Hudson Rock's analysis and the global footprint

Threat intelligence firm Hudson Rock received the dataset from Diachenko and published its own analysis, describing the collection as one of the largest known troves of compromised Fortinet‑related credentials. Hudson Rock reports the dataset contains 73,932 unique firewall URLs across 194 countries and impacts 21,632 unique domains.

The company said the attackers kept detailed logs of successful compromises and assembled verified credentials for organizations across nearly every major industry sector. Hudson Rock listed apparent victims that include Foxconn, Samsung, Comcast, Siemens, Lenovo, PwC, Accenture and Oracle, and noted the dataset also names numerous government agencies and critical‑infrastructure operators.

Geographically, Hudson Rock found the highest numbers of affected devices in India, the United States, Taiwan, Mexico, Turkey, Thailand, Colombia, Malaysia, Chile and the United Arab Emirates. The most common sectors in the dataset were telecommunications, IT services, financial services, government organizations, healthcare providers, educational institutions and manufacturing.

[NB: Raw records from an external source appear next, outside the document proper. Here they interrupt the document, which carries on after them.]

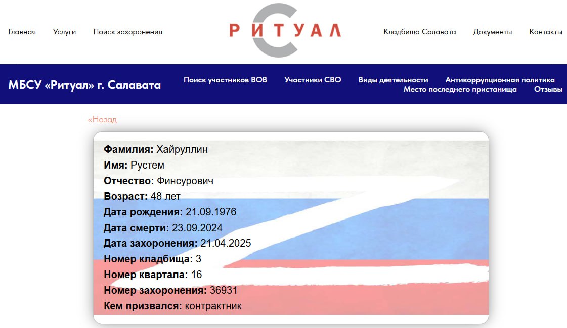 Подробные данные по данному погибшему
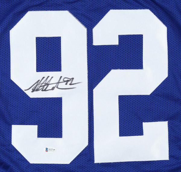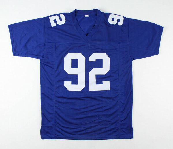 Custom on-field style jersey. Everything is sewn on, size XL. Hand-signed by Michael Strahan (HOF). The lot / autograph(s) includes an official Beckett Authentication Services serially numbered hologram and matching COA for authenticity purposes.Authentication: Beckett COA
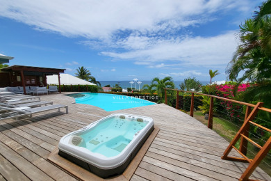 The 170 m² teak deck, designed like a boat deck, overlooks a private tropical garden with no facing neighbours. It includes an outdoor lounge, a shaded gazebo, a jacuzzi, and a salt-treated infinity pool with submerged alarm. From the garden, you can access the coastal path that winds along the sea and connects to several unspoiled beaches, including Helleux Beach and Bois Jolan. Calm and sea views are ever-present.
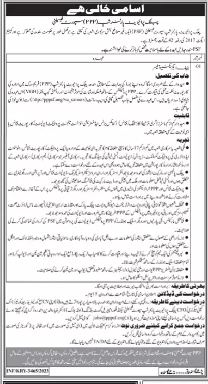 Public Private Partnership Support Facility Jobs 2023 announce the Contract career opportunities for the post of See Below Ad in Sindh, Karachi for the fresh and experienced candidates on Contract basis who have Check Advertisement degree. Posted date of this post is 07/08/2023 and the last date is 22/08/2023. if you are eligible for this job apply before due date.
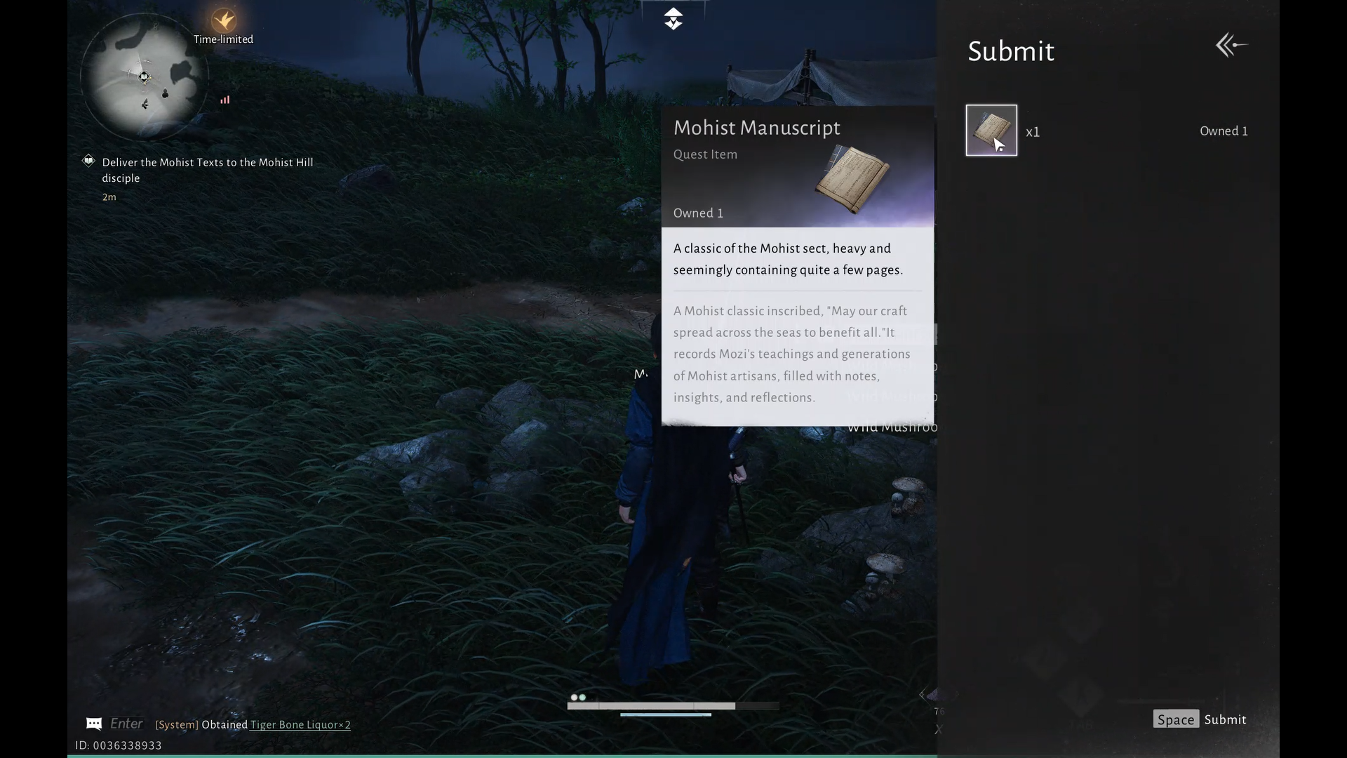 After a short conversation, the quest is completed. It is revealed that Greenwood Ruffian is actually a Mohist Hill Disciple.

Independent verification and the question of origin — Kevin Beaumont's review

Security researcher Kevin Beaumont independently reviewed portions of the dataset and confirmed some credentials are authentic. Beaumont said the dump contains roughly 75,000 Fortinet devices, that almost all remain online, and that many exposed management interfaces are reachable from the internet.

Beaumont reported that the data appears to have come from exported Fortinet configurations — the files included email addresses and other fields typically only available in device configs — and that the affected IP addresses differ from those in the 2025 Belsen Group Fortinet leak, which he said suggests this is a more recent, larger collection. He also noted many affected devices were running relatively recent FortiOS versions.

Neither Diachenko, Hudson Rock, nor Beaumont identified how the configuration data was originally obtained; the source remains unconfirmed in the material reviewed.

What this means for security teams, affected enterprises, and adversaries

  • Security teams: The reporting urges immediate mitigation steps — rotate passwords for Fortinet VPN and administrative interfaces, enforce multifactor authentication (MFA), examine gateway logs for suspicious activity and monitor for exposed employee credentials. Hudson Rock built a free FortiBleed lookup tool to check whether an organization appears in the dataset.
  • Affected enterprises and procurement leaders: The dataset names thousands of recognizable companies and sectors; organizations listed should assume credentials in the collection may be valid and act on the recommended rotations and log reviews. Hudson Rock and independent researchers noted that many affected devices remain online and publicly reachable.
  • Adversaries: The leak, if genuine at scale, demonstrates capabilities to mass‑harvest, crack and catalog VPN and administrative credentials and to pivot into internal networks — a playbook the reporting links to brute‑force campaigns, hash interception and distributed cracking infrastructure.

BleepingComputer contacted Fortinet regarding the exposed dataset; the article indicated the outlet would update if Fortinet responds. Observers also flagged an unusual detail: many exposed passwords were long and complex, suggesting the dataset did not simply reflect weak credentials but rather the exfiltration of configuration data that stored high‑quality secrets in plaintext or otherwise accessible formats.

Conclusion: the FortiBleed collection, as described by Diachenko, Hudson Rock and independent reviewers, is notable both for its size — roughly 73,932 firewall URLs and about 75,000 Fortinet devices — and for the persistence of those devices on the internet. With the dataset still under analysis and the method of initial compromise unclear, organizations named in the files have concrete, immediate steps to reduce risk: rotate credentials, enable MFA, and hunt in logs. The larger question the evidence leaves open is how so many configuration records — some containing long, complex passwords — were collected in the first place and by whom.